Aubrey loses her father and little sister in a car accident. A few weeks after that, her mother abandons her. After coping at home alone for a week, Aubrey's grandmother rescues her and takes her to live in Vermont at her home. In that new home, Aubrey befriends the girl next door and established a quirky friendship with an emotionally-troubled boy at school. All along, she copes with her losses and slowly recovers.
It's such a cliche plotline with my least favorite subplot (child abandonment) as an opener, that I didn't have a lot of hope for the book when I started. I expected to be able to predict every plot turn as it came and I was prepared to groan my way through it all to the tearful confrontation and life-affirming ending. I was only half right. Yes, the plot followed the predictable direction and LaFleur made no attempt to throw up any surprises in the action of the story. However, she managed to catch me off-guard with her totally original handling of how Aubrey (and her friends) actually handled the challenges.

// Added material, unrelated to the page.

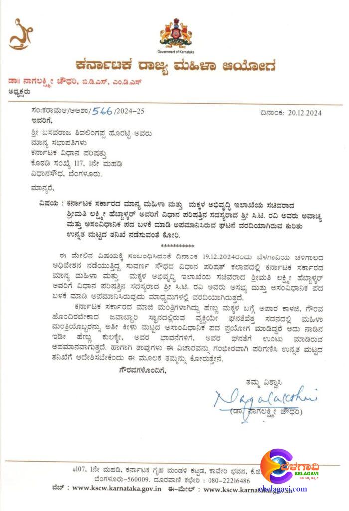 ಬೆಳಗಾವಿ. ಮಹಿಳಾ ಮತ್ತು ಮಕ್ಕಳ ಕಲ್ಯಾಣ ಸಚಿವೆ ಶ್ರೀಮತಿ ಲಕ್ಷ್ಮೀ ಹೆಬ್ಬಾಳಕರ ವಿರುದ್ಧ ಬಿಜೆಪಿಯ ವಿಧಾನ ಪರಿಷತ್ ಸದಸ್ಯ ಸಿ.ಟಿ.ರವಿ ಬಳಸಿದ ಅಸಂವಿಧಾನಿಕ ಪದದ ಬಗ್ಗೆ ಸಮಗ್ರ ತನಿಖೆ ನಡೆಸಬೇಕೆಂದು ಮಹಿಳಾ ಆಯೋಗದ ಅಧ್ಯಕ್ಷೆ ನಾಗಲಕ್ಷ್ಮೀ ಅವರು ಸಭಾಪತಿಯವರಿಗೆ ಮನವಿ ಮಾಡಿದ್ದಾರೆ.
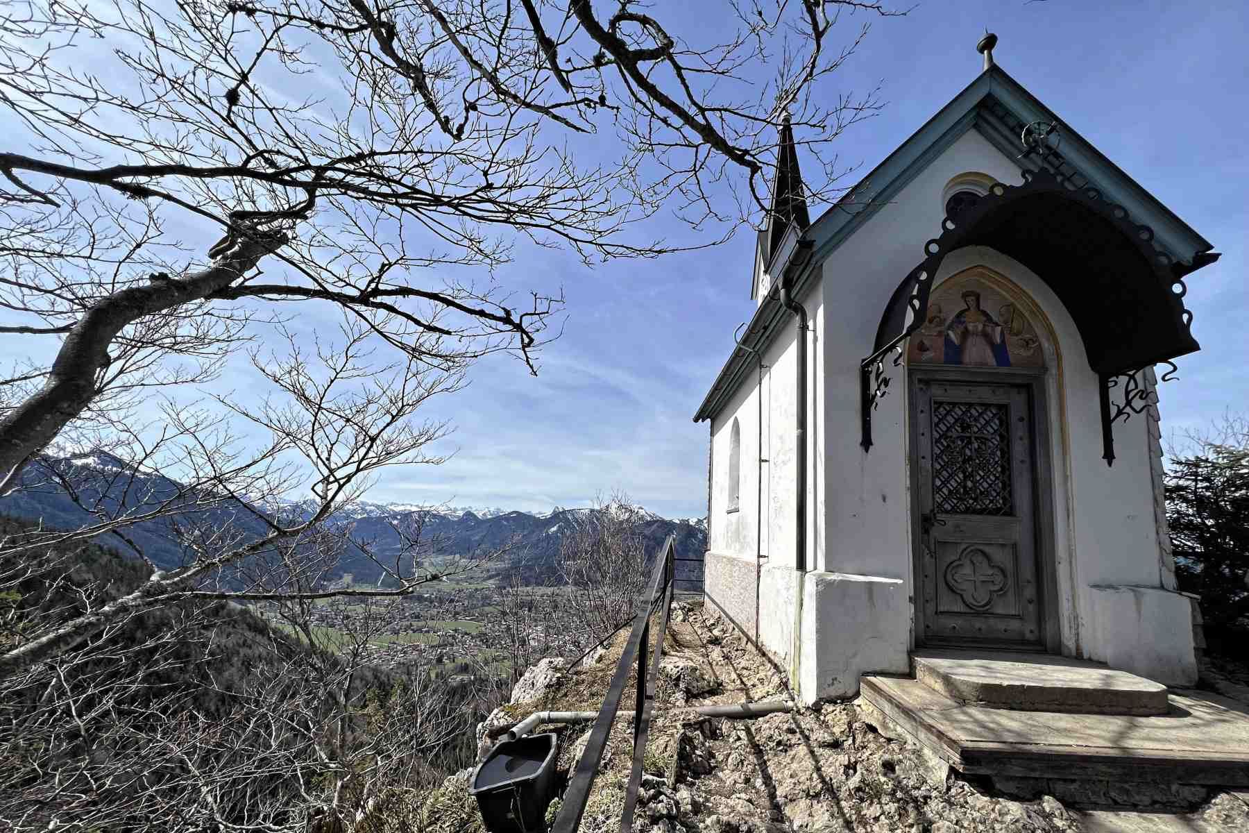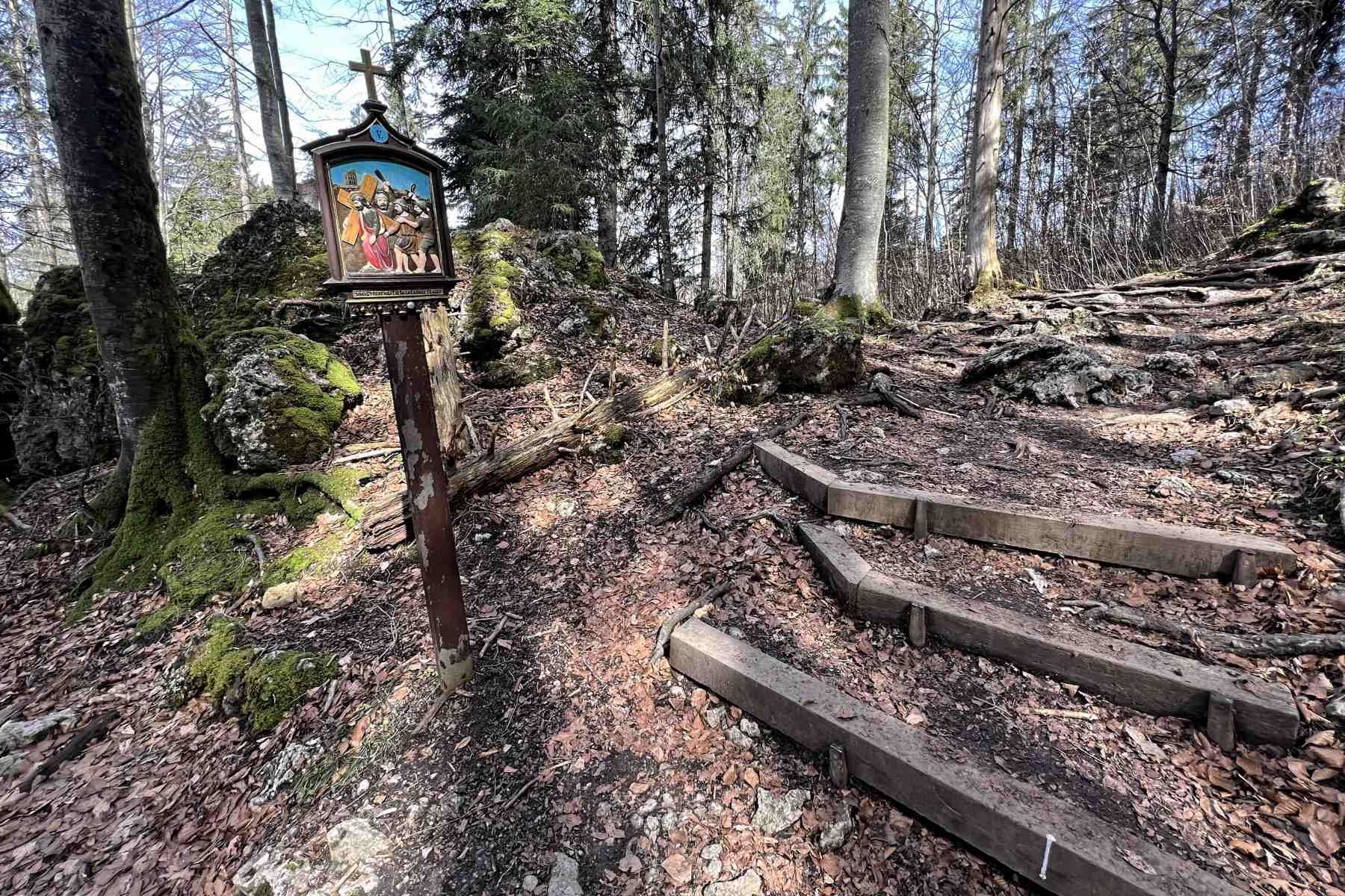 Nur wenige Meter hinter dem Gasthaus biegen nach nach links in den Wald ab um auf den Riedenstein zu wandern. Zum Gipfel führen zwei Wege: Zum einen der leichte Weg und der Kreuzweg. Dieser führt hauptsächlich über Holzstufen und entlang des Weges stehen 14 Tafeln, die den Leidensweg Christi beschreiben.

There's a surprising clarity to Aubrey's behavior. One might even accuse it of not being age appropriate, but I think that would do a disservice to kids. And it isn't so much that Aubrey doesn't act her age as it is that she refuses to let herself be dragged down into melodrama. She certainly has her down moments and she doesn't always act calmly, but she is able to reason through things. She doesn't fight, but she stands up for herself. Through her difficulties, she is able to reach insights that are inspiring. I found that refreshing.
Far too often, authors create obvious flaws in their characters for the sole purpose of "solving" their problems by the end of the book. Aubrey is an eloquent and capable problem solver from the beginning, but she has plenty of problems to work through. In creating a more complex and vibrant heroine, the story is raised far above any sort of manipulative tear-jerking formula into something much more interesting.
I loved this novel. It came out around the same time that Gayle Foreman's IF I STAY was released, which was interesting since they're both family tragedy stories. I loved them both but liked Aubrey as a protagonist a bit more-- she's precocious, but I don't think unrealistically so.